┌─ Dataset entries

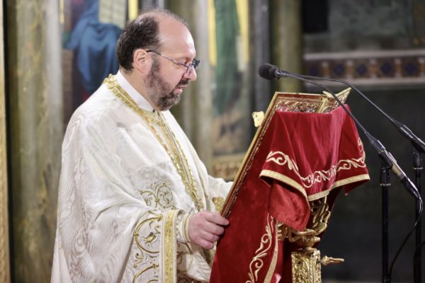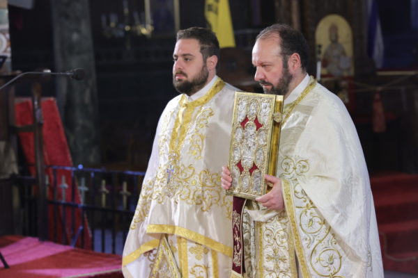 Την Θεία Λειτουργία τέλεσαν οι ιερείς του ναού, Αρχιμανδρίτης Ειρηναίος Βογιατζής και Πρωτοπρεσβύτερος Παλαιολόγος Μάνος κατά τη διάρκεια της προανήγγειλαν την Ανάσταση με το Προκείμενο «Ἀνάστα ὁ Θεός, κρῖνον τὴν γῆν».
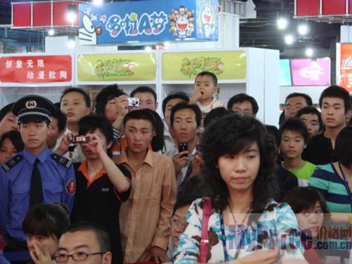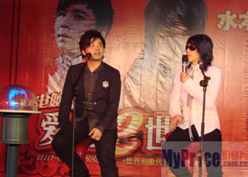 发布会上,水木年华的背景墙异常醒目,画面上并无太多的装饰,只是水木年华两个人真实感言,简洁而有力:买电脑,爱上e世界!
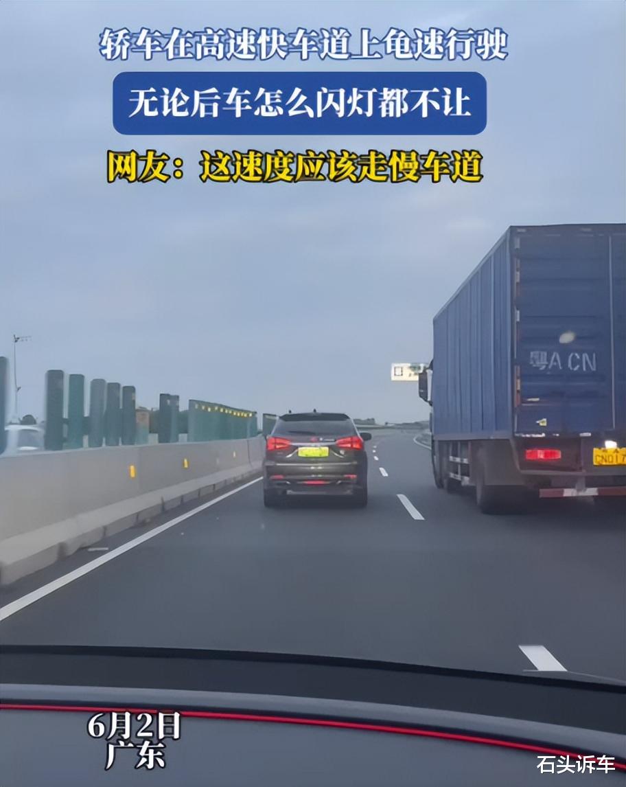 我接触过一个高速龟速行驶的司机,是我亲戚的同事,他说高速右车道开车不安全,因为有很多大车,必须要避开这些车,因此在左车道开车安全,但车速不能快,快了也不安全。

└─
┌─ Dataset entries

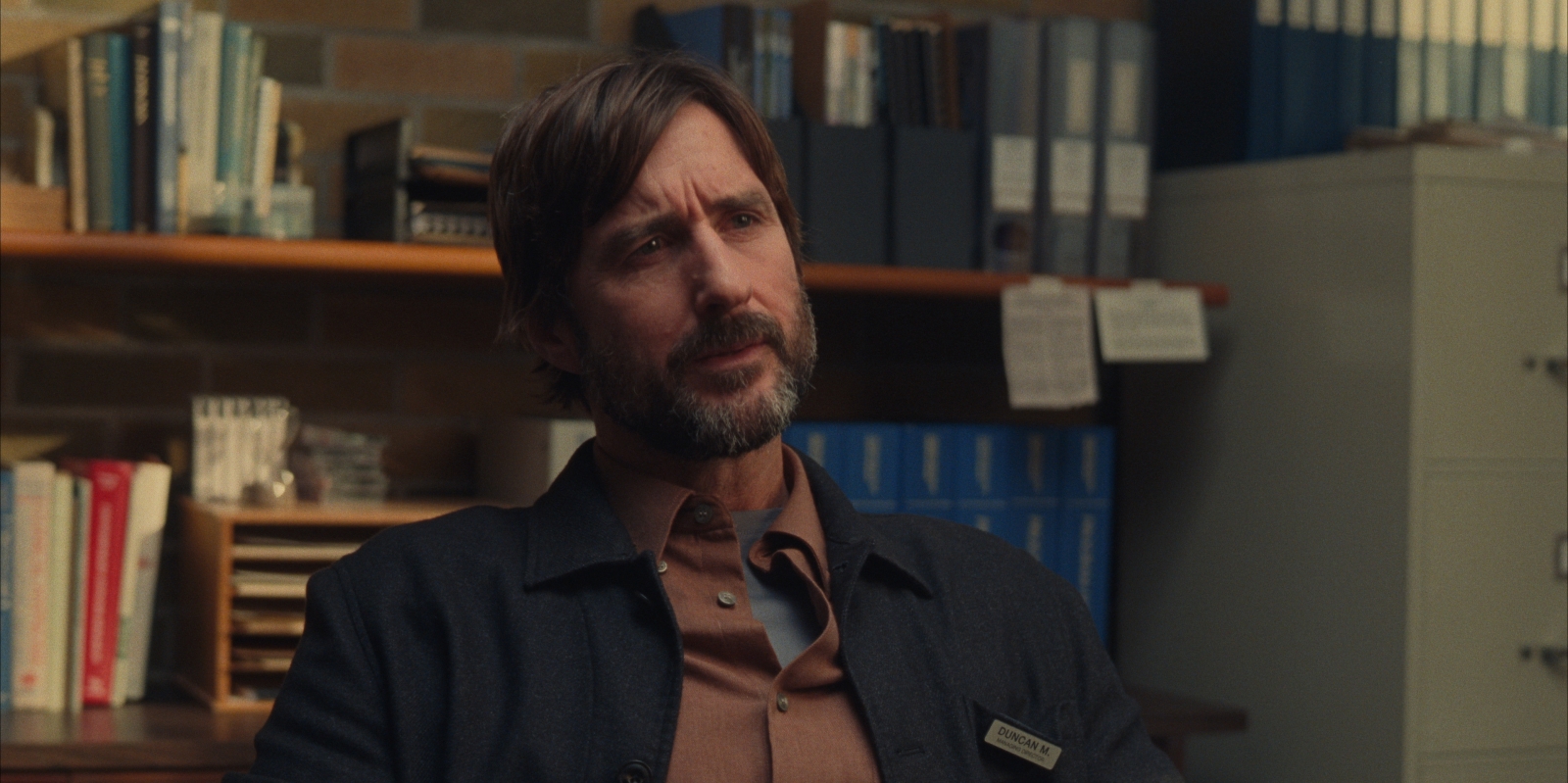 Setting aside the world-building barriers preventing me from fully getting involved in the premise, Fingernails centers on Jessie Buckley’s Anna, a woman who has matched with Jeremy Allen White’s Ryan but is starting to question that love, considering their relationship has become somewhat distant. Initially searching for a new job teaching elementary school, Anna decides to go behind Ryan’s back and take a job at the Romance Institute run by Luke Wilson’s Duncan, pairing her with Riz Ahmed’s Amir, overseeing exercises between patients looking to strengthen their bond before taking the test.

└─
┌─ Dataset entries

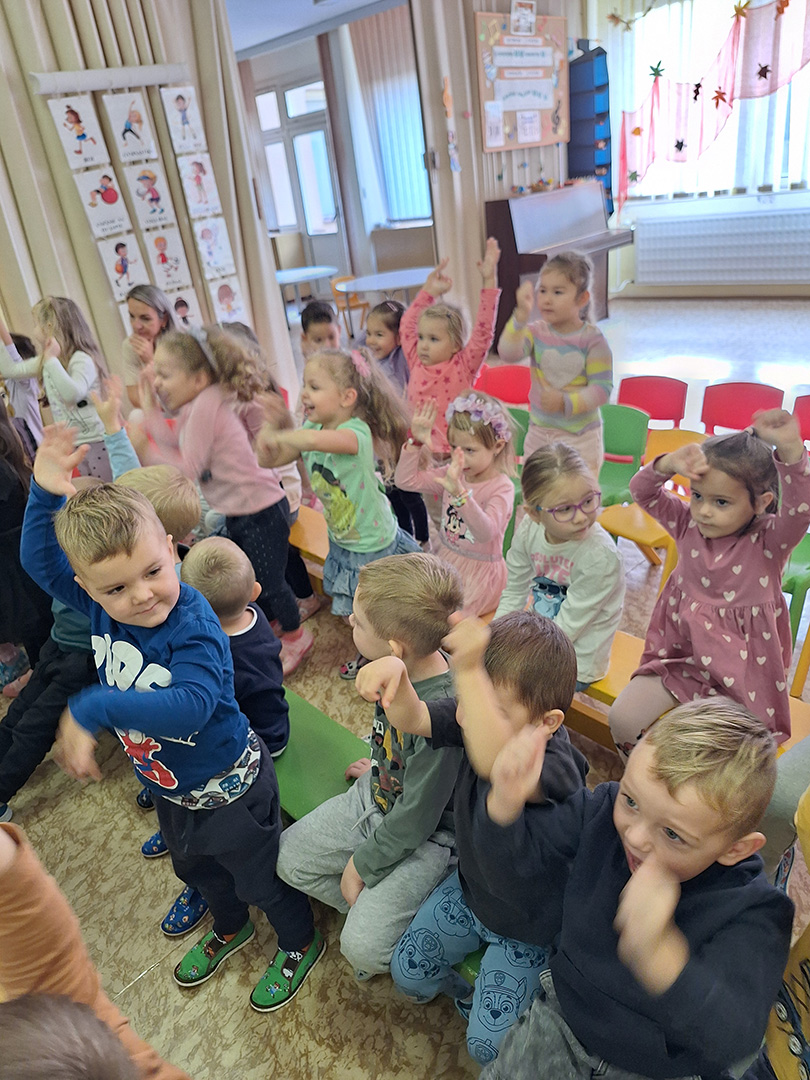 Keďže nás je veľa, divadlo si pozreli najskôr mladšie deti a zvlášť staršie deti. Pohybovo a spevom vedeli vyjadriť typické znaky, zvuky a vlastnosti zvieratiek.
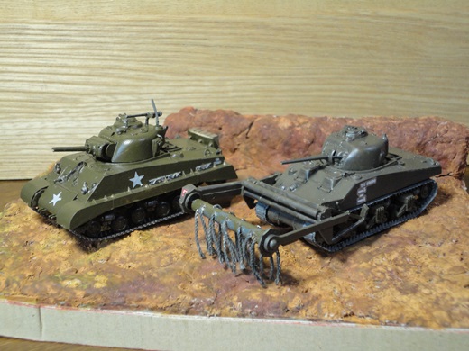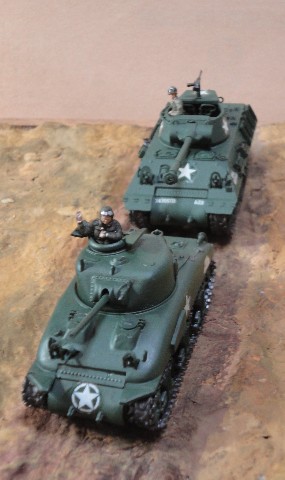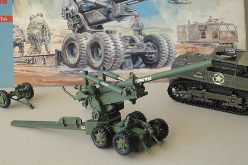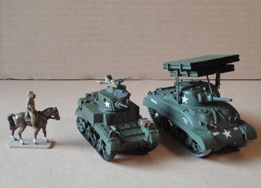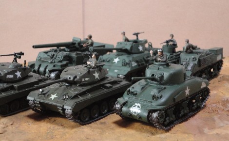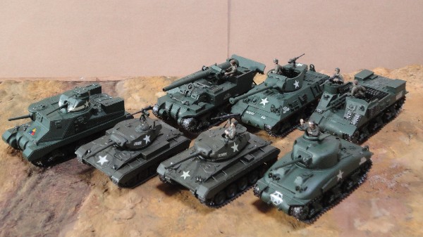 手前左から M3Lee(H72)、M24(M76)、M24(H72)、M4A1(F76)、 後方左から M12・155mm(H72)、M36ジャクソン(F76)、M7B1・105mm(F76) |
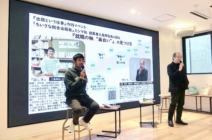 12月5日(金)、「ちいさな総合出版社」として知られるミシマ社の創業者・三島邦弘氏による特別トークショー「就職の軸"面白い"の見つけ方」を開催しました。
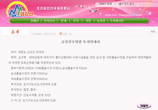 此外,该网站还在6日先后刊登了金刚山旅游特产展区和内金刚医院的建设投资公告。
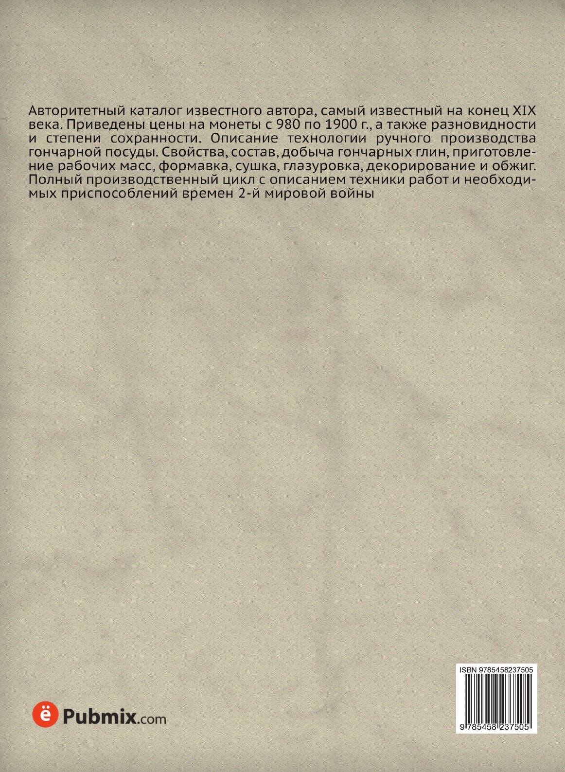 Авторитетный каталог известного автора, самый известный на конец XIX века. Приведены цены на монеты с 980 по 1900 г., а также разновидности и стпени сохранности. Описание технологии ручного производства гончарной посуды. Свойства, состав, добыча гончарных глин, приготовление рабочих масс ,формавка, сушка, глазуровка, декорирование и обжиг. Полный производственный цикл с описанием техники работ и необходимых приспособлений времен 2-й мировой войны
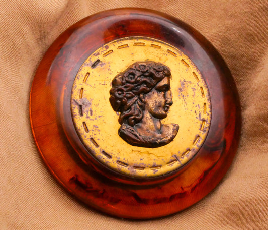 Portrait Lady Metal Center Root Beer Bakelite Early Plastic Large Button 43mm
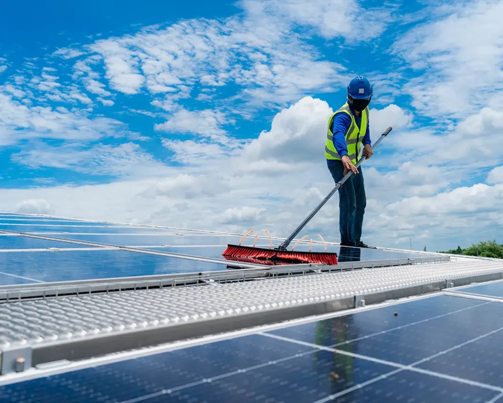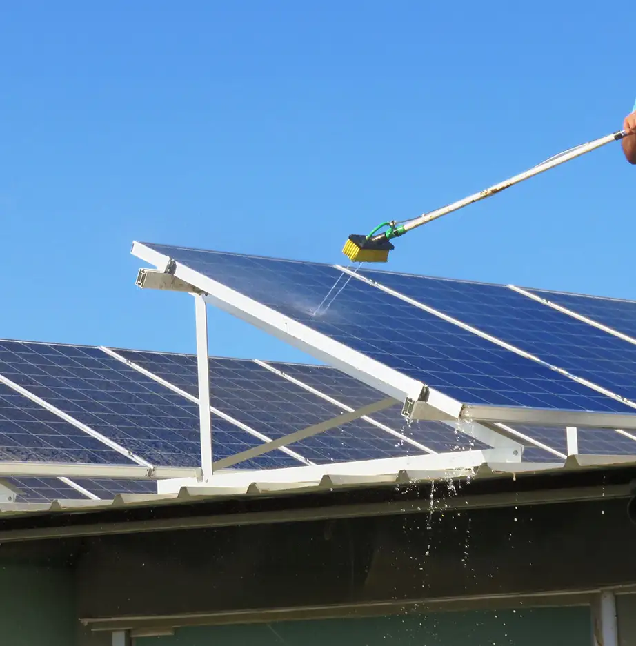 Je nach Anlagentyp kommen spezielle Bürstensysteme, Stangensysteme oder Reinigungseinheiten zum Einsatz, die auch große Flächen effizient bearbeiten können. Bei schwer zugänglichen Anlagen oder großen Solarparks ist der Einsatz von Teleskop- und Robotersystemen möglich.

└─

# What the task asks
Once the line with "发布会上,水木年华的背景墙异" has been found above, output that line and every later line exactly, stopping after the line with "我接触过一个高速龟速行驶的司", and omit the pictures.

# Your response
 发布会上,水木年华的背景墙异常醒目,画面上并无太多的装饰,只是水木年华两个人真实感言,简洁而有力:买电脑,爱上e世界!
 我接触过一个高速龟速行驶的司机,是我亲戚的同事,他说高速右车道开车不安全,因为有很多大车,必须要避开这些车,因此在左车道开车安全,但车速不能快,快了也不安全。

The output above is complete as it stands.